Interview was pleasant and lasted half an hour. PAVLOV Head of North Europe Division of Soviet Foreign Office and former Counsellor in London acted as interpreter. Stalin smoked cigarettes continuously and LAUGHED occasionally. Appeared in quite good health and was alert and attentive. Interview took place in a pleasant and relaxed atmosphere. Ends.PPS TO PM: PS TO PM: APS TO PM(4): DY MINISTER: SG: FS:
N.M.M.L., J.N. (S.4) Vol. No. 34, 286-287
Record of conversation at Ambassador Radhakrishnan's interview with Generalissimo Stalin on April 5, 1952.
The Ambassador began by saying that he wished to express his grateful thanks to the Generalissimo for receiving him at such short notice on the eve of his (Ambassador's) departure.
Stalin: When are you leaving?
Amb. On Tuesday, the 8th.
The Ambassador went on to say that his stay of 2½ years in Moscow was most useful and he had every courtesy and assistance from the Foreign Minister and his Deputies. He recalled the prompt and ready assistance which the Foreign Office and the Soviet Government had rendered last year in the matter of the despatch of wheat to India. When the Ambassador stressed that he was really grateful for the promptitude and readiness with which the Soviet Union had come to our aid in this, Stalin said: "There is nothing to be grateful about. We have only fulfilled our duty." The Ambassador remarked that many States did not have a proper conception of their duty, nor did they discharge it, when they had.
The Ambassador than referred to the various Soviet delegations that had recently visited India, and said that he felt that the Indian people got some idea of the Soviet achievements – what could be done by a people with determination and will.

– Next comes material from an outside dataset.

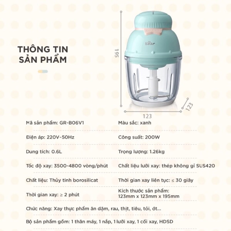 - Với công suất máy 120W kết hợp cùng lưỡi dao chữ S đa tầng sắc bén, máy xay cho bé ăn dặm Bear có thể xay nhuyễn các loại thực phẩm mềm sau khi sơ chế như: cà rốt, khoai tây, bánh quy, hành tây, rau xanh,... Để xay thịt, bạn nên cắt nhỏ thịt thành từng miếng, sau đó cho vào máy xay một lượng vừa đủ để không vượt quá giới hạn của cốc xay.
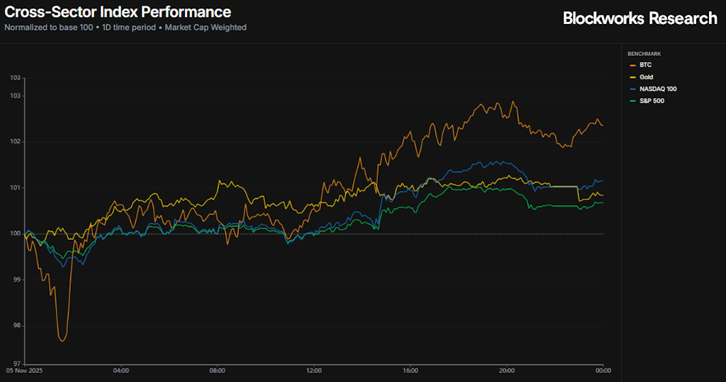 After several days in the red, markets found relief yesterday as all major benchmarks posted gains. The rebound was led by BTC and the tech-heavy Nasdaq, which rose 2.36% and 1.15%, respectively.

Referring to internal matters, Dr. Radhakrishnan said that the country (India) was indeed passing through critical times. We had got rid of various forms of exploitation. We had rid ourselves of foreign domination and we had got rid of the princely rule. We hoped to tackle the problem of our landlords equally successfully.

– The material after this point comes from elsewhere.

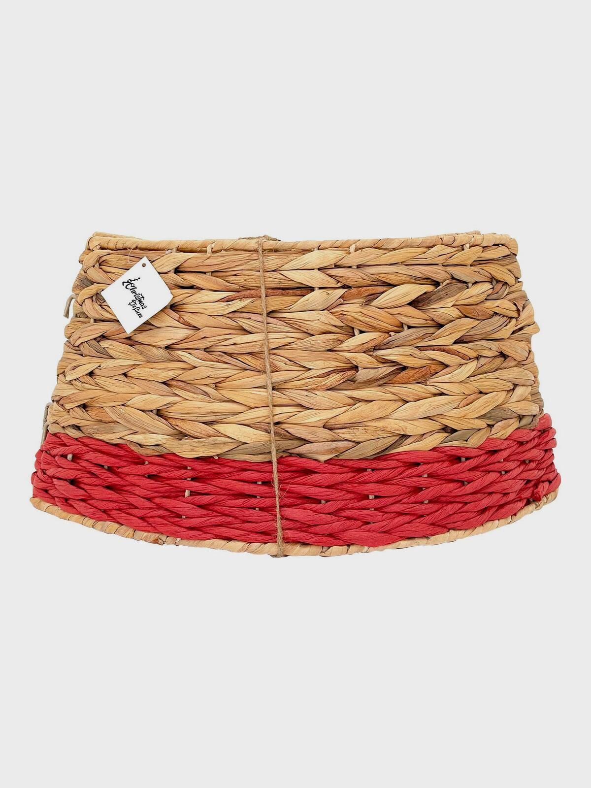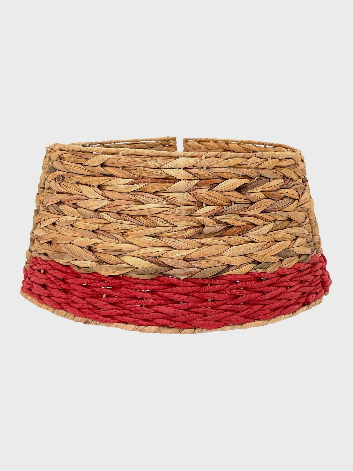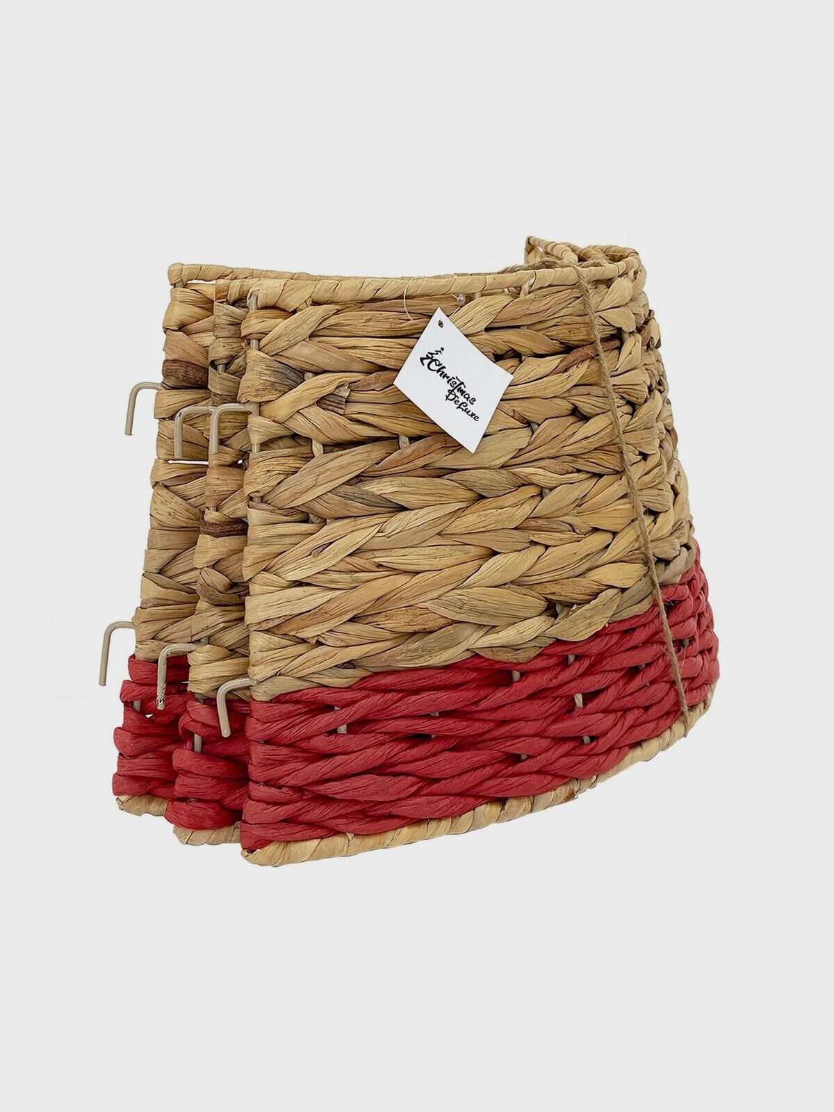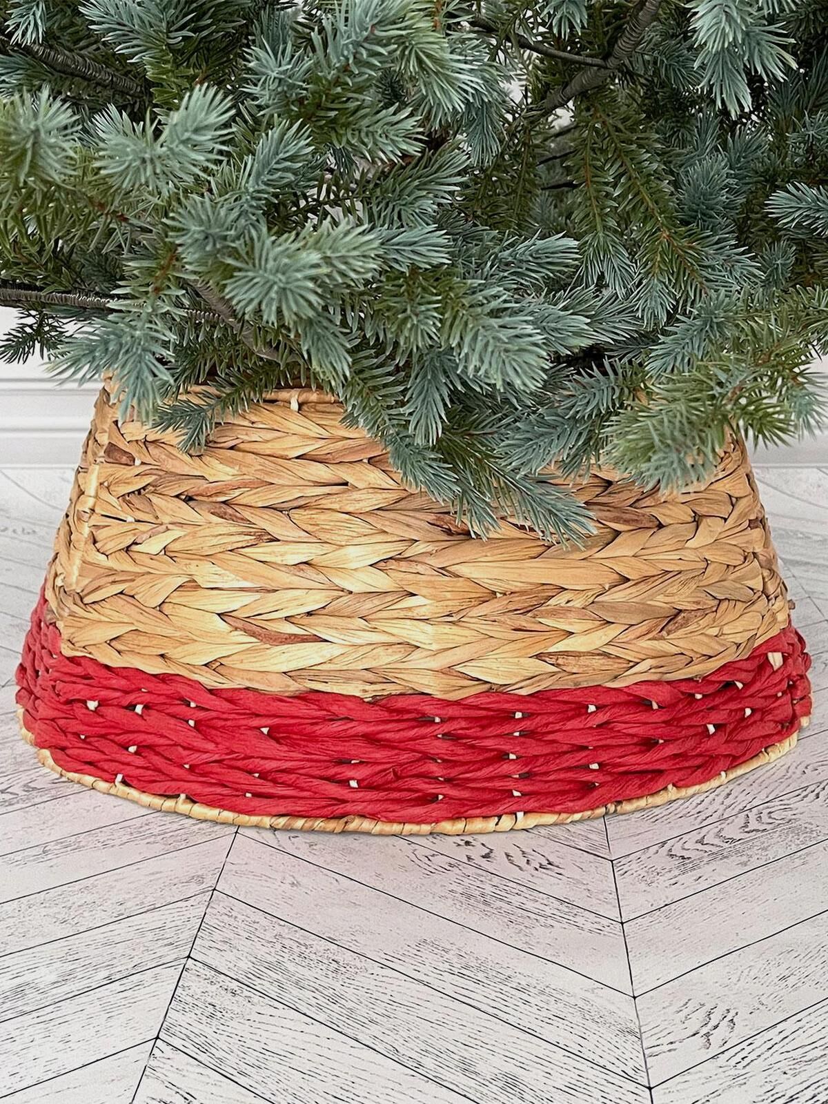 Корзина для елки разборная джутовая с красной полосой, коричневая, 26x58 см

"It would be good", said Stalin, "if you succeed in doing it."
The Ambassador then generally referred to our recent elections and said that for the first time in history 175 million people were enfranchised of whom 105 million had voted.

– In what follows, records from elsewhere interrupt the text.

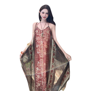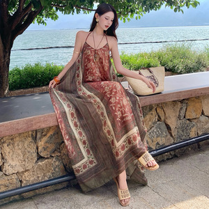 古着感民族风流浪宽松慵懒挂脖吊带连衣裙
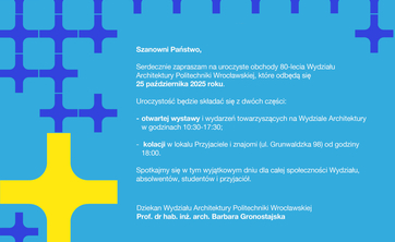 Już za równy miesiąc obchodzić będziemy jubileusz 80-lecia Wydziału Architektury Politechniki Wrocławskiej, na którego obchody 25 października 2025 serdecznie wszystkich zapraszamy.więcej
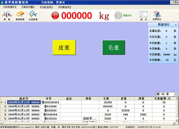 4:用【管理员】设置,用【计量员】过磅;默认密码:123
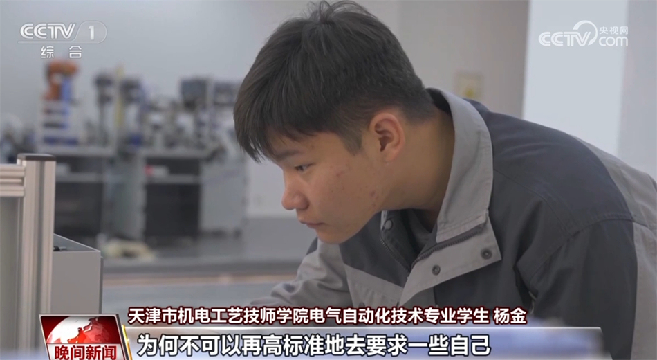天津市機(jī)電工藝技師學(xué)院電氣自動化技術(shù)專業(yè)學(xué)生 楊金:讓每一顆螺絲、每一個部件都能發(fā)揮出它最大的作用,這就是我的需要和目標(biāo)了。(未來希望)自主去研發(fā)需要使用的機(jī)器,可以去創(chuàng)造(更多)屬于咱們(國人)自己的(電氣化)產(chǎn)品。

"The women did not vote in your country", said Stalin, expressing a doubt.
The Ambassador corrected the Generalissimo by stressing that not only did women actually vote in the elections, but the women voters had, if anything, shown a more progressive spirit. Dr. Radhakrishnan pointed out that we had a lady Governor, a lady Cabinet Minister, and his own predecessor in Moscow, the Generalissimo would doubtless recall, had also been a lady. The elections, Dr. Radhakrishnan said, had been free and fair. There was no official interference of any sort and many Ministers were defeated.
On the political and economic situation in India, Ambassador Radhakrishnan said that India was as much against capitalist exploitation as Russia and it had the same economic objective. "But we wish to adopt peaceful parliamentary methods to achieve our aims, because our whole history has taught us that enduring progress should be of a peaceful character."
To this the Generalissimo said: "But the exploiters will never quit-they will very seriously object to quit."
The Ambassador said that, in any case, we would try our own methods very hard, and if we succeeded it would be a great lesson to other nations.
Referring to our foreign policy, Dr. Radhakrishnan said that it was not unlike that of the Soviet Union in several matters – China, Japan, Korea or, for that matter, the admission of other nations to the UN. "We are not with America and we are not with any power", he stressed, "We act according to our sense of right and do not yield to any political or economic pressure."
Since Stalin showed no hesitation to carry on the conversation. Dr. Radhakrishnan further said that Stalin was at one time reported to have said that if Capitalism could adapt its production not to getting maximum profits, but to the systematic improvement of the masses of the people, then there would not be any crisis, but then that would not be Capitalism. He asked Stalin if he was still of this view.
Stalin said that he said once something like thus but it was difficult for a Capitalist to do without profits and it was a pity that the capitalists could not do without profits. If the Capitalists gave up profits, he said, they would be giving up themselves.
Referring to the desirability of the peaceful co-existence of the two systems, Dr. Radhakrishnan asked Stalin if the Soviet Union would be prepared to "give up the Cominform", as it had at one stage given up the Comintern.
Stalin replied that this was of no importance whatsoever to the question of the co-existence of the two systems; the Cominform, he said, had not been created by the Soviet Union alone. Other countries had also shared in the creation of this body.
The Ambassador said nonetheless that in his view it would be a great gesture today if the Cominform were abolished.
Speaking about Germany, the Ambassador said that if the Soviet Union looked upon a UN Commission as necessarily pro-American, could they not agree to some sort of a neutral commission to see if conditions for free and fair elections existed in that country.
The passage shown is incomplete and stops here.